5 Causes of TMJ Discomfort or TMD
The temporomandibular joint, or TMJ, joins your skull to one side of your mandible (lower jaw). The general term for what occurs when the joint and/or muscles used for chewing become inflamed, stuck, or painful is temporomandibular disorder (TMD).
TMD typically affects people between the ages of 20 and 40 who have a history of clenching and grinding their teeth (bruxism), dental work, trauma to the jaw or face, increased anxiety or stress, or poor posture. TMD affects more women than men and is more common in women than in men.
Pain in the jaw, ears, face, neck, and upper back are among the symptoms. When yawning, talking, or eating, some patients may experience difficulty opening or closing their mouths, abnormal jaw movement, or popping, clicking, or grinding sounds in the joint.

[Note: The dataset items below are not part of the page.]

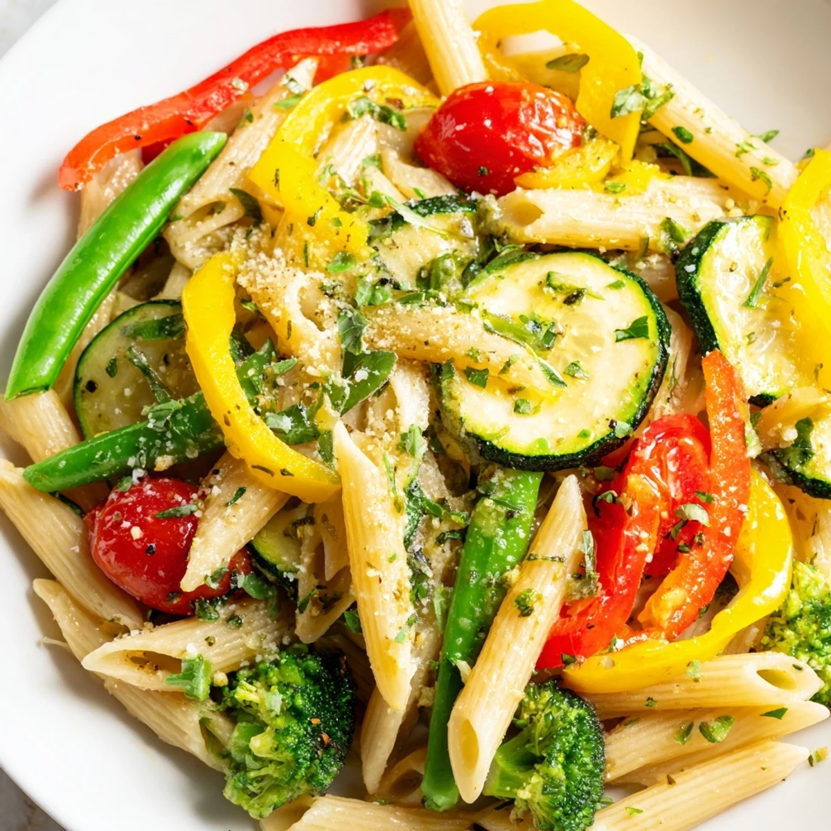 This Italian-inspired pasta dish celebrates spring vegetables at their peak. Al dente penne or spaghetti joins tender zucchini, yellow squash, bell peppers, broccoli, cherry tomatoes, and sugar snap peas in a fragrant garlic and olive oil sauce brightened with fresh lemon juice.
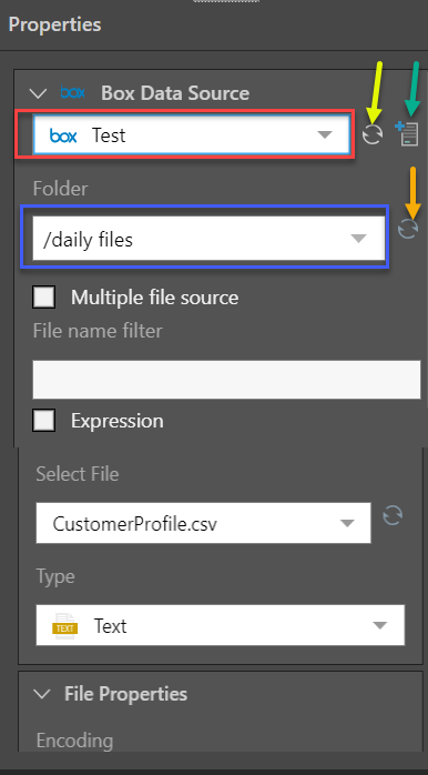 Connect to a Box datasource by adding the Box node to the data flow. With the node selected, go to the Properties panel. Select the Box storage source from the drop-down list (red box below). The list exposes the Box sources that have been configured in Pyramid by an Admin. If the required Box source doesn't appear in the list, try refreshing the list (yellow arrow). Admin users can configure additional servers here by clicking the Add Server button (green arrow).
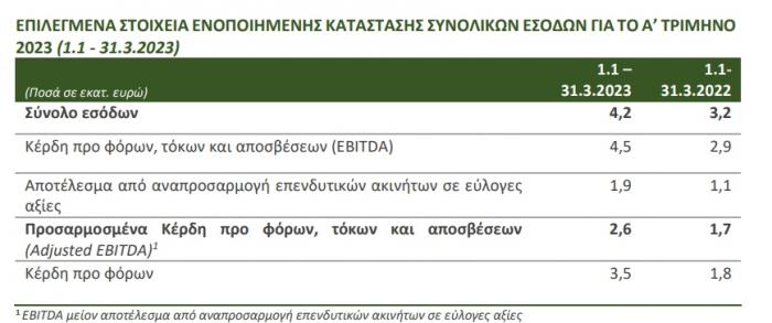 Πιο συγκεκριμένα τα έσοδα διαμορφώθηκαν σε 4,2 εκατ. ευρώ έναντι 3,2 εκατ. το πρώτο τρίμηνο του 2022, ενώ τα EBITDA ήταν 4,5 εκατ. έναντι 2,9 εκατ. Τα κέρδη προ φόρου διαμορφώθηκαν σε 3,5 εκατ. ευρώ έναντι 1,8 εκατ. ευρώ.
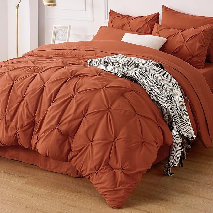 Bedsure Full Size Comforter Sets - Bedding Sets Full 7 Pieces, Bed in a Bag Burnt Orange Bed Sets with Comforter, Sheets, Pillowcases & Shams, Adult & Kids Bedding
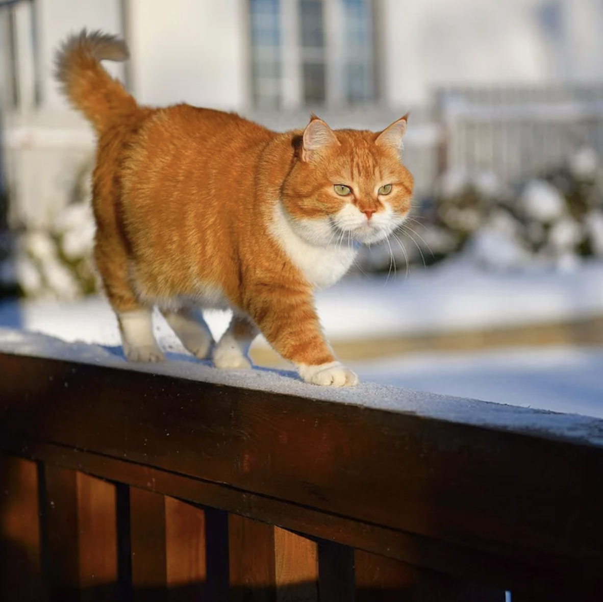 ▼Ginger是一隻胖橘,但行動很敏捷。牠閒來無事就會到雪地裡玩耍、散步。牠在雪地裡奔馳的模樣非常霸氣,不過搭配牠圓圓的身材,總是能讓人聯想到萌萌的玩偶。
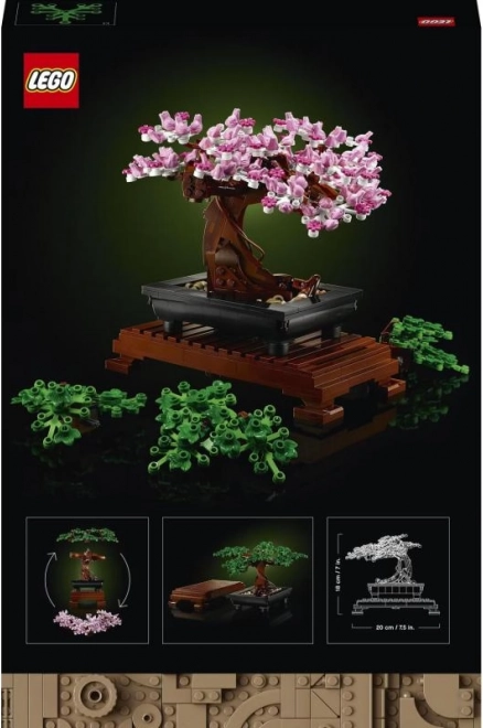 LEGO Drvo Bonsai je savršen poklon i privlačan projekt za one koji vole bonsai, biljke i kreativno građenje s LEGO kockama. Set uključuje izmjenjive dijelove koji omogućuju ukrašavanje stabla klasičnim zelenim listovima ili ružičastim cvjetovima trešnje. Cvjetovi su zanimljivo oblikovani malim žabicama i model se zahvaljujući pravokutnoj posudi i postolju lako izlaže u interijeru. Dimenzije modela su približno 18 cm visine, 21 cm dužine i 20 cm širine.

Daily, social, or occupational activities might be restricted by a symptomatic TMJ. Following are some examples of lifestyle choices that may be linked to TMD or TMJ discomfort:
- Increased anxiety and stress – One of the main causes of TMD pain is increased stress, which frequently results in jaw clenching or teeth grinding. You might want to think about getting more sleep, practicing diaphragmatic breathing for 5 to 10 minutes several times a day, working out, taking a yoga class, or just taking a brief break to walk around the office and write down your stress-inducing situations.
- Slouched posture – Because the neck and jaw are closely related, slouching while working at a desk or using a mobile device can put undue strain on the neck’s musculature and cervical spine, which in turn can change how the mandible sits. The condyles of the jaw bone may sink deeper into their joint sockets when the shoulders are rounded, which is frequently the case when the head is positioned forward. The masticatory muscles that help open and close the mouth may have a different length-tension relationship as a result of poor posture. Muscle imbalances and joint misalignment may cause increased joint compression, which could be the cause of pain. Placing a beach towel or handkerchief in the small of your back while you drive or sit at a desk is one way to improve posture. You should take this as a cue to sit up straight and adjust your neck and shoulder alignment.
- Oral habits – A few habits that can cause the TMJ muscles to be overworked and cause microtrauma to the joint or the soft tissues (such as the ligaments, tendons, and muscles) that surround and support the joint include chewing on gum or writing implements, biting nails and lips, and clenching and grinding teeth. Try using a mouth guard at night if you grind your teeth, or try sucking on candy mints instead of chewing gum.
- Diet – Optimal TMJ function depends on healthy eating habits in addition to weight management and proper nutrition. Steak, nuts, stringy vegetables (like celery), and some breads are examples of foods that, despite being healthy, may overstrain or exert excessive compression forces on the TMJ. Large bites that require a wide opening of the mouth can also add strain. Smaller bites or softer food portions may help to lessen discomfort from TMJ overuse.
- Excessive mouth opening – Your mouth should be able to open at least 40 centimeters, or three finger widths. However, yawning, singing, or even laughing can cause excessive mouth opening. Use three fingers’ worth of space or put your fist between your chin and breastbone before opening your mouth to help lessen excessive mouth movement.